We had our first lunch at the local KFC, which were rather close to our hotel. I really liked the food but my wife and son didn’t. We also tried McDonald’s and had dinner at two more formal restaurants. The food was nice, goulash soup was lovely but the prices were rather high – higher than the ones some years ago. One planned dinner at For Sale pub was cancelled due to a problem with our reservation and I was advised not to visit my favorite Fatal restaurant for various reasons.
The central market was crowded and provided us with the opportunity to buy some souvenirs for family and friends; however, the prices were not lower than the ones in the shops, even at Vaci utca, which is considered as a tourist place. We got some sweet paprika, cups and toys for the kids.
- On Sunday evening we had a meeting for dinner with other Greeks at the Calvin metro station, which was only 10 mins by metro from our station. We went to get the metro tickets but the booth was closed (as expected). The automatic ticket machine outside the station did not accept bills (we only had 500 and 1000 HUF banknotes) and after we made some change by buying stuff at the nearby grocery, the ticket machine proved to be out of order. There was no way for us to buy tickets at this point so we started walking. It took us about 30 mins to reach the Calvin metro station and our son froze in the meantime!
- Prices were rather high in general; in restaurants we paid about 15 euros per person for a main dish and a shared desert, while prices for clothes, shoes etc. were usually higher than in Athens!

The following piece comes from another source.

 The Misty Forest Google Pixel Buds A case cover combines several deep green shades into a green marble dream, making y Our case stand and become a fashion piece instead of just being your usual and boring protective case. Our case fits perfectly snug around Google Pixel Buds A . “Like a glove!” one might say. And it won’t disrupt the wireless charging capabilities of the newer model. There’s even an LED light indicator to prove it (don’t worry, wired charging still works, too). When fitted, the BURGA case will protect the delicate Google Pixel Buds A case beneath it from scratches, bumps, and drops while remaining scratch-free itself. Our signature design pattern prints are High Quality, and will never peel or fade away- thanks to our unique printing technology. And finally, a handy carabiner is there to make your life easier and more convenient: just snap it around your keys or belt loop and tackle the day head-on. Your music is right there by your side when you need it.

- The best way for buying local currency is to wait until you reach Vaci utca or other commercial streets of Budapest, which are full of exchange shops. The exchange rate is much better than the one provided by banks or at the airport. You can even pay the taxi with a credit card, so you do not need any HUF before reaching your hotel.

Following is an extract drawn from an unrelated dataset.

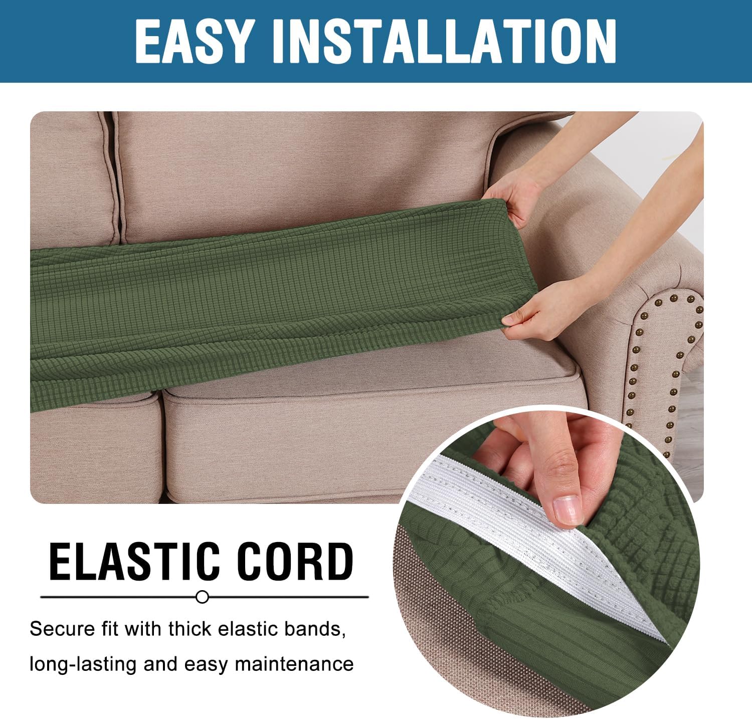 - NON SLIP: Effortless for installation (guide photos on selling page), sewn with thick elastic loops to cover the bottom edges. It is easy to install and take off, making your home more harmony, high recommended for both leather and cloth furniture
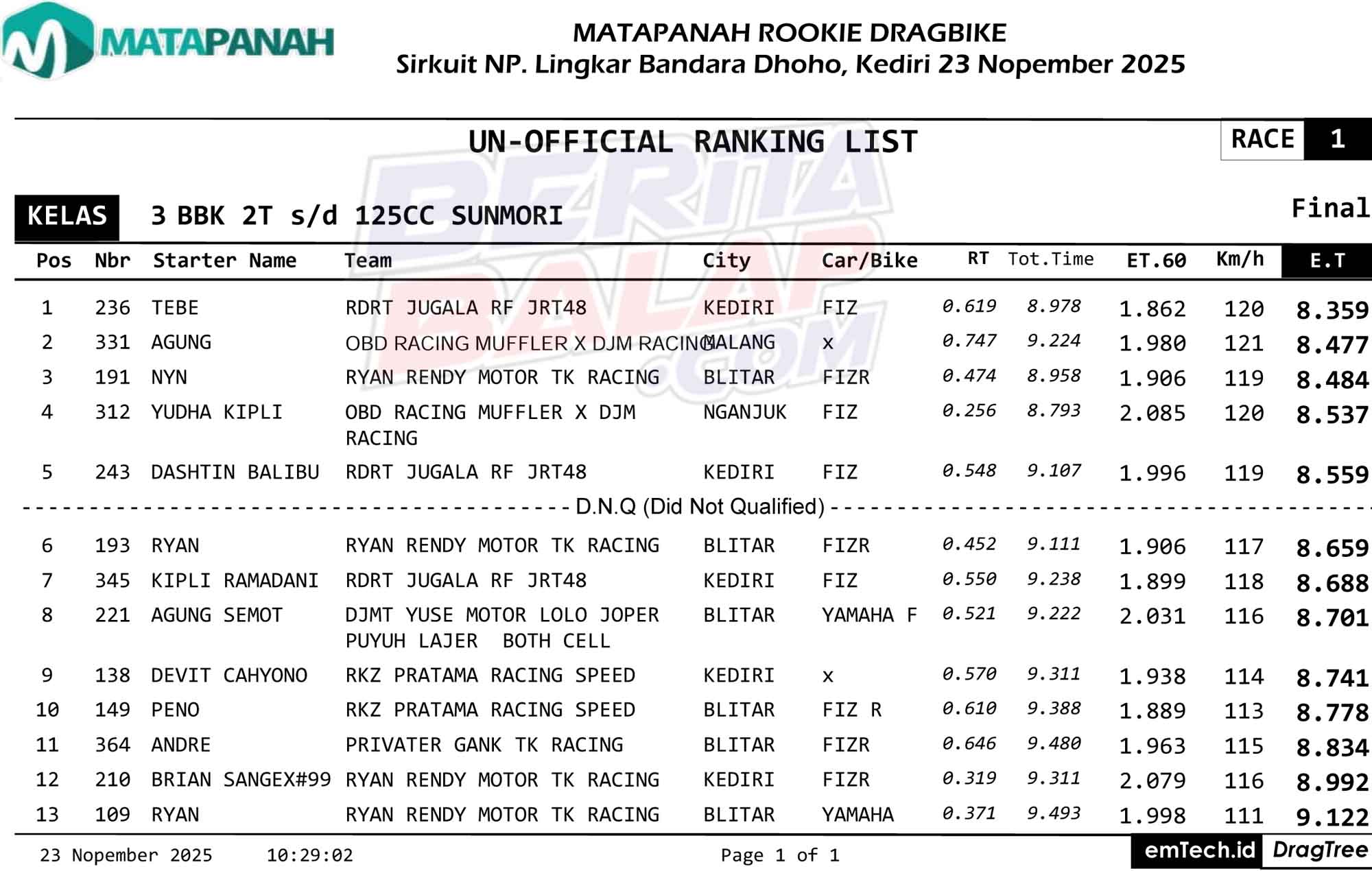 BACA JUGA : Hasil Juara Lengkap Matapanah Rookie Drag Bike 2025 Kediri

- As regards taxi, the safest option is Fotaxi, the official company associated with the Budapest airport; they are legitimate and you even get a voucher with an approximate amount of payment, based on the place of your destination (which in our case was almost 100% correct). It takes about 20-25 euros from the airport to the city center and the taxi drivers are really kind.
- The use of credit/debit cards is really common in Budapest and might be the best option of paying while shopping, eating out and booking tickets. You only have to check with your bank if additional fees apply; in my case, I had one debit card which had additional fees for paying in currency other than EUR, so I opted for another one which was only charging the currency rate based on the Visa one.